Your goal
An exact transcription of the listing, without its images, is what the answer must contain.

Input data
-----

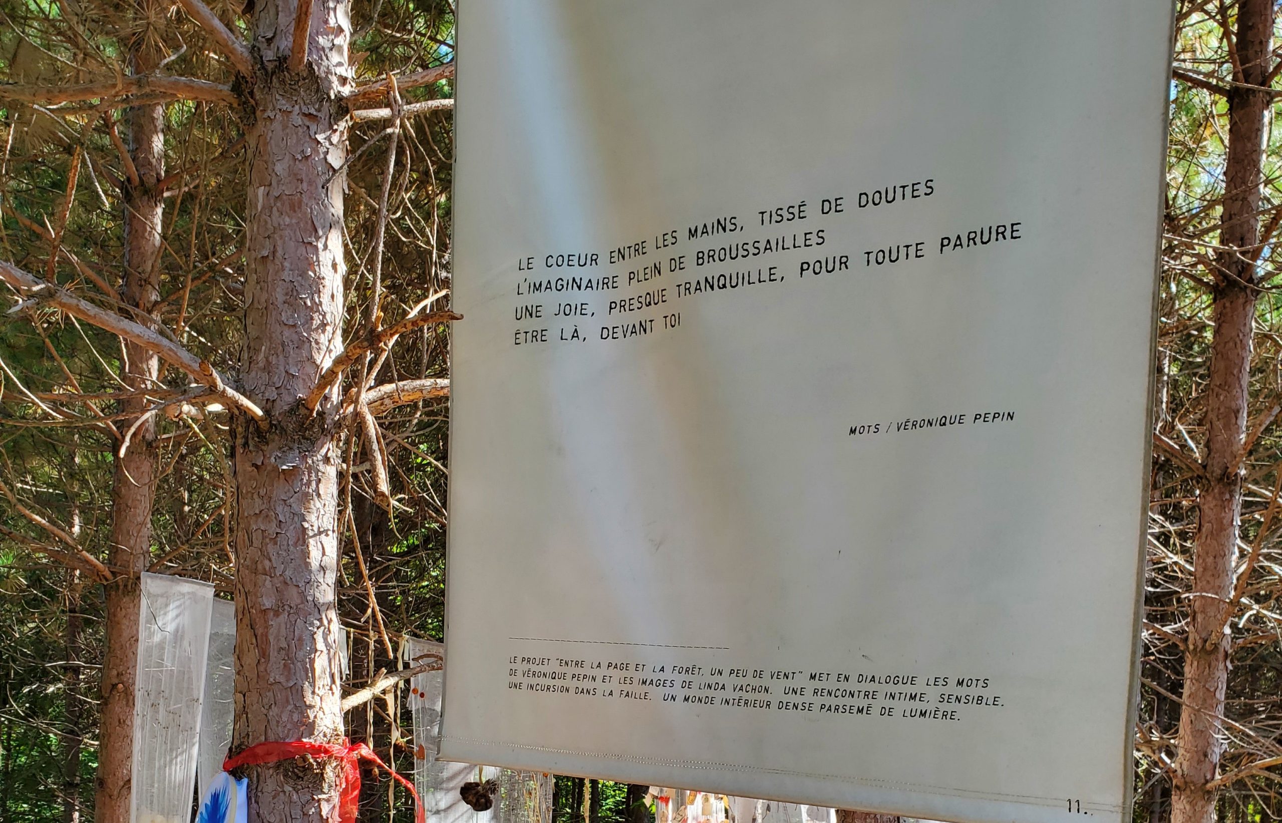 Ce sont les textes de Johannie Demers, Stéphanie Déziel, Chantal Garand, Isabelle Gentès, François Giguère, Mélanie Grenier, Jean-Guy Lachance, Louis Laforce, Jacinthe Lavoie, David Leblanc, Maureen Martineau, Véronique Pepin et Monique T. Giroux qui seront exposés en pleine nature. L’exposition se poursuivra jusqu’au 16 octobre.
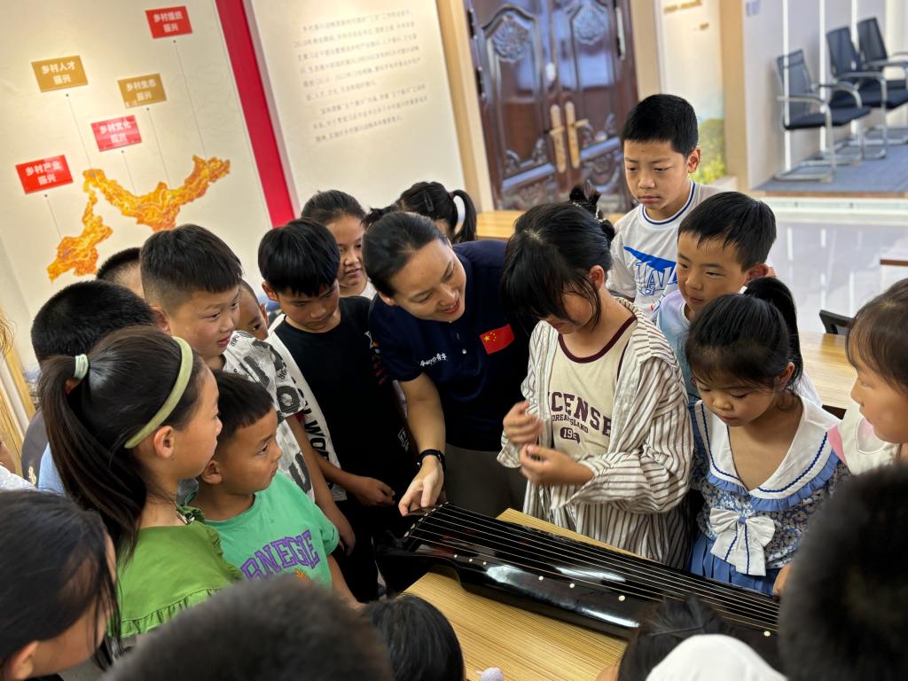 樊老师专业为古筝演奏教学,当她第一次走进乡村的社区课堂,看到孩子们那一双双充满好奇和渴望的眼睛时,她便深知自己肩负的责任重大。这里的孩子们,大多从未接触过古筝这种古老而优雅的乐器,对于中华优秀传统文化中的音乐之美,更是知之甚少。她通过对古筝与古琴两种乐器的对比介绍,让同学们感受中国传统乐器各自独有的魅力。通过演奏不同风格的乐曲,让孩子们沉浸在美妙的音乐中。同时让孩子们在琴声的伴奏下演唱,悠扬的琴声与快乐的童声在乡村中回荡。
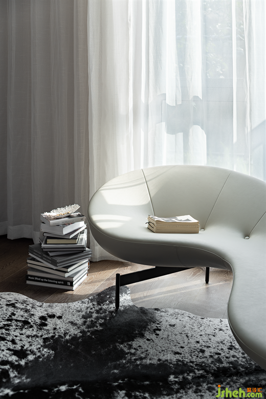 影音室,一處放松身心的精神角落。除去冗雜的裝飾,純樸簡(jiǎn)約的主色調(diào),弧形沙發(fā)和異形書本陳列架,在生活的張弛間從容有度。

-----

Solution for this exercise
 Ce sont les textes de Johannie Demers, Stéphanie Déziel, Chantal Garand, Isabelle Gentès, François Giguère, Mélanie Grenier, Jean-Guy Lachance, Louis Laforce, Jacinthe Lavoie, David Leblanc, Maureen Martineau, Véronique Pepin et Monique T. Giroux qui seront exposés en pleine nature. L’exposition se poursuivra jusqu’au 16 octobre.
 樊老师专业为古筝演奏教学,当她第一次走进乡村的社区课堂,看到孩子们那一双双充满好奇和渴望的眼睛时,她便深知自己肩负的责任重大。这里的孩子们,大多从未接触过古筝这种古老而优雅的乐器,对于中华优秀传统文化中的音乐之美,更是知之甚少。她通过对古筝与古琴两种乐器的对比介绍,让同学们感受中国传统乐器各自独有的魅力。通过演奏不同风格的乐曲,让孩子们沉浸在美妙的音乐中。同时让孩子们在琴声的伴奏下演唱,悠扬的琴声与快乐的童声在乡村中回荡。
 影音室,一處放松身心的精神角落。除去冗雜的裝飾,純樸簡(jiǎn)約的主色調(diào),弧形沙發(fā)和異形書本陳列架,在生活的張弛間從容有度。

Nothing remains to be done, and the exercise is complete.